Radiator thermal rejection map: Data were used from a 3D CFD computer simulation of the airflow in the engine compartment from a model from a car manufacturer in Brazil, including the entire front part of the vehicle, heat exchangers, and other elements present in the engine compartment. The results are shown as a map of average air speed through each heat exchanger in the vehicle’s front package as a function of the vehicle’s speed and fan rotation, Figure 4. As it is sensitive information, the radiator’s heat exchange map was obtained through the component datasheet from the supplier. Dark shades correspond to lower values of fan speed, vehicle speed, and airflow through the radiator. On the other hand, lighter shades indicate higher values for these speeds.

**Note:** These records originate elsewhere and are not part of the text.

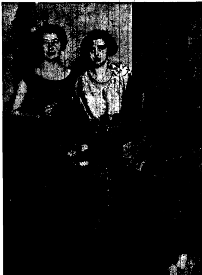
Po triumfalnym, wczorajszym, pełnym olbrzymich, żywiołowych owacji na jej cześć, opuszcza ukwieconą łożę reprezentacyjną w towarzystwie opiekunki p. dyr. Huzarskiej.
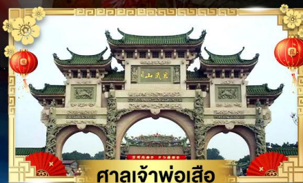
ศาลเจ้าพ่อเสือ
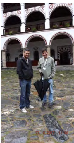
Même pas en panne

Vehicle operating points: For the basic model, the operating points were imposed and represent all possible combinations of gear, vehicle speed in intervals of 1 km/h, and fan rotation at 250 rpm, as shown in

Table 3. Ranges mapped in the study.

March	Speed	Fan Speed
1st	10 to 40 km/h	0 to 2500 rpm
2nd	15 to 70 km/h	0 to 2500 rpm
3rd	25 to 100 km/h	0 to 2500 rpm
4th	35 to 160 km/h	0 to 2500 rpm
5th	40 to 160 km/h	0 to 2500 rpm

. Each operating point also has its respective engine and water pump rotations. Brazilian Standard procedures were used to ensure the test conditions [27,28,29,35].

Water pump power map: The curves of power absorbed by the water pump as a function of its rotation and the system’s total water flow were simplified by linear regressions, considering the measurements carried out by the manufacturer, Figure 5.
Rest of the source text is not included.